Bayes Multinomial), trained using the NBM method. NBM emphasizes the concept of polynomial distribution on the basis of Naive Bayes (NB), and the principle of NBM is similar to NB and belongs to Bayesian methods. The main advantages of training a classifier using a bayesian-like method are its short computation time and high training performance, since it assumes that the given labels and features are conditionally independent. Thus, let the annotations set be C_i＝{w₁，w₂，...，w_nH, class label L_iThe following can be obtained:

applying bayes' theorem on equation (3) yields:

the class label of the annotation can be identified by equation (4). Note that in NB, only whether a feature is present in the current annotation to be tested is considered, and NBM is similar to NB, but the class label is determined by the number of times each feature appears in the annotation. From summary and experimentation, it can be concluded that the use of NBM performs better than the NB method when certain specific features occur a large number of times in the annotation set.

(2)：Simple Logistic

In this experiment, two classifiers, i.e., classifier No. 1 and classifier No. 7, were set as linear logistic regression classifiers (simplelogicc). The Simple Logistic method is based on Simple Logistic regression, multiple iterations are carried out by using a LogitBoost algorithm, parameters of a basic weak classifier are optimized through each iteration, and a high-precision model is finally formed. The number of iterations of the LogitBoost is 10 in the default situation, and if the iteration effect is not good, the optimal number of iterations can be obtained by using K-fold cross Validation (K-folderCross Validation).

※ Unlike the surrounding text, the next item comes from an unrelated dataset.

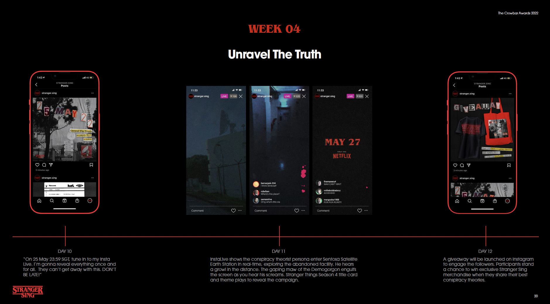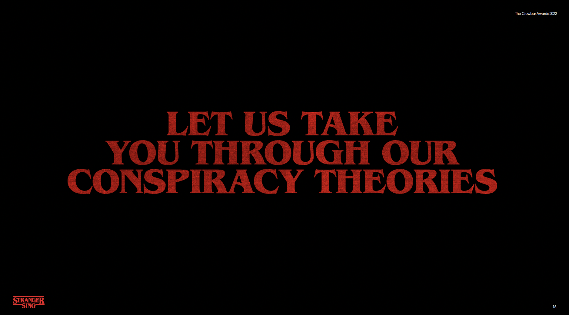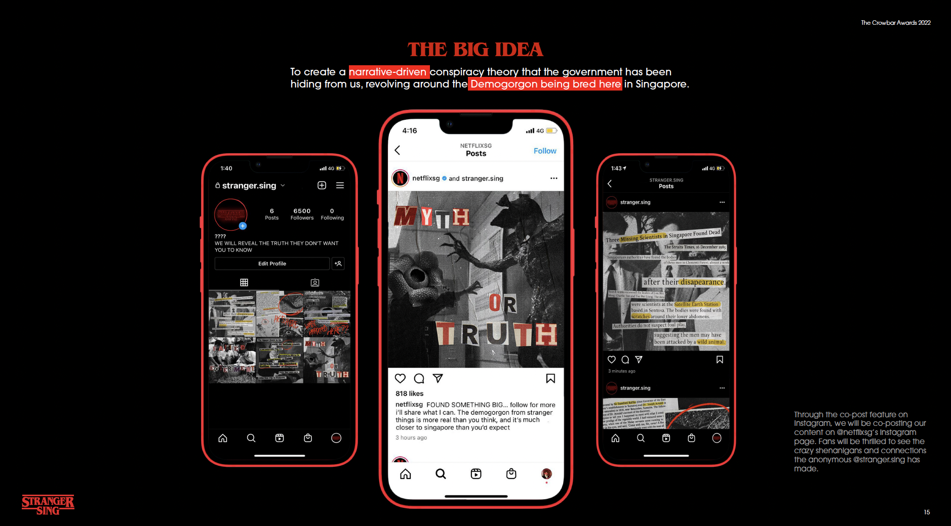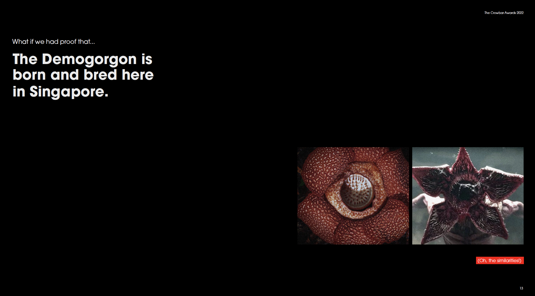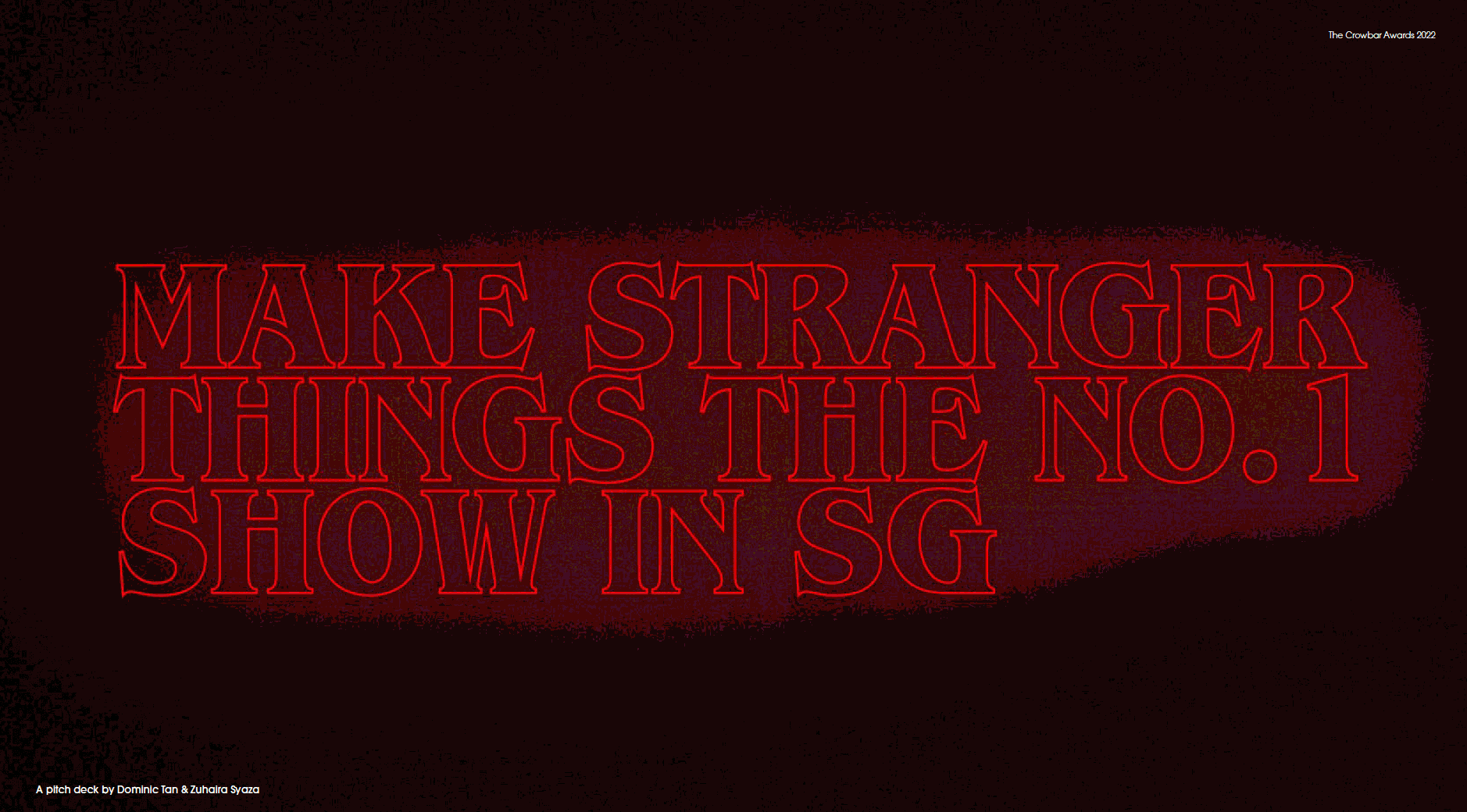 As part of a brief initiated by Forsman & Bodenfors, we were tasked to make a Netflix show the number one show in Singapore. My team partner and I had chosen Stranger Things as Netflix was launching the new season in 2022 - and we’re big fans of the show. The hypothetical deck was pitched to the team of Forsman & Bodenfors (who were great mentors throughout the duration of this advertising workshop) and Netflix. The activation campaign was then sent out to The Crowbar Awards 2022 and won the Bronze award.

Let the annotation data set be denoted as C { (C)₁，L₁)，(C₂，L₂)，...，(C_N，L_N) In which C is_iRepresents the ith comment, L_iThe classification label representing the piece of annotation, i.e. whether there is a self-acceptance technical liability. In addition, it also needs to order C_iIs represented as C_i＝{w₁，w₂，...，w_n}，Wherein n represents Note C_iNumber of features in, w_iRepresenting the ith feature in the sentence annotation. According to the linear logistic regression theorem, the following can be obtained:

z＝θ₁w₁+θ₂w₂+…+θ_nw_n+θ₀＝θ^TC_i(5)

it is substituted into a sigmoid function, which is expressed as follows:

and according to the final result of the sigmoid function, dividing the annotations to be detected into two categories, wherein the category label value of 1 is the annotation statement with the self-acceptance technical debt.

And 4, step 4: sub-classifier voting rules

Because the data training process is divided into a plurality of sub-classifiers for predicting the classification label result, the final accuracy of the integrated classifier is obviously improved under the condition of ensuring the accuracy of each sub-classifier. In the invention, the classification label result predicted by most sub-classifiers is taken as the final prediction result of the integrated classifier.

And 5: clustering for self-acceptance technical debt classification

According to the invention, the characteristics selected through the information gain value in the steps are re-counted and processed according to the frequency of the appearance of the characteristics, the position of the appearance of the characteristics and the characteristics of developers, and finally the characteristic words are classified by using a clustering method.

Firstly, counting the characteristic frequency in a source code, and selecting a characteristic word with high frequency. Then, considering the reasons for the human preference factor, some features that indicate that there is no technical debt but are referenced are deleted. There are also words of perceptual color that rarely appear in annotations where there is no self-acceptance technical liability, and thus are reserved for these needs. Finally, some emotional verbs are also deleted. The selection standard is to reserve the characteristics with larger influence weight for the final classification detection and to screen and delete the characteristics with small influence factors obtained by analysis.

The research method framework of the invention is divided into two stages: a model building phase and a prediction phase. In the model building phase, source items are first entered as a training data set, annotations in these source items having known classification labels, and then sub-classifiers are built for each individual source item. In the prediction phase, all the sub-classifiers are integrated to jointly predict whether a self-acknowledged technical liability exists for an annotation in the target. In order to make the result as accurate as possible, only one item is selected as a target item at a time for prediction, and other n-1 items are input into a model as source items, so that the other n-1 items are used for training a sub-classifier.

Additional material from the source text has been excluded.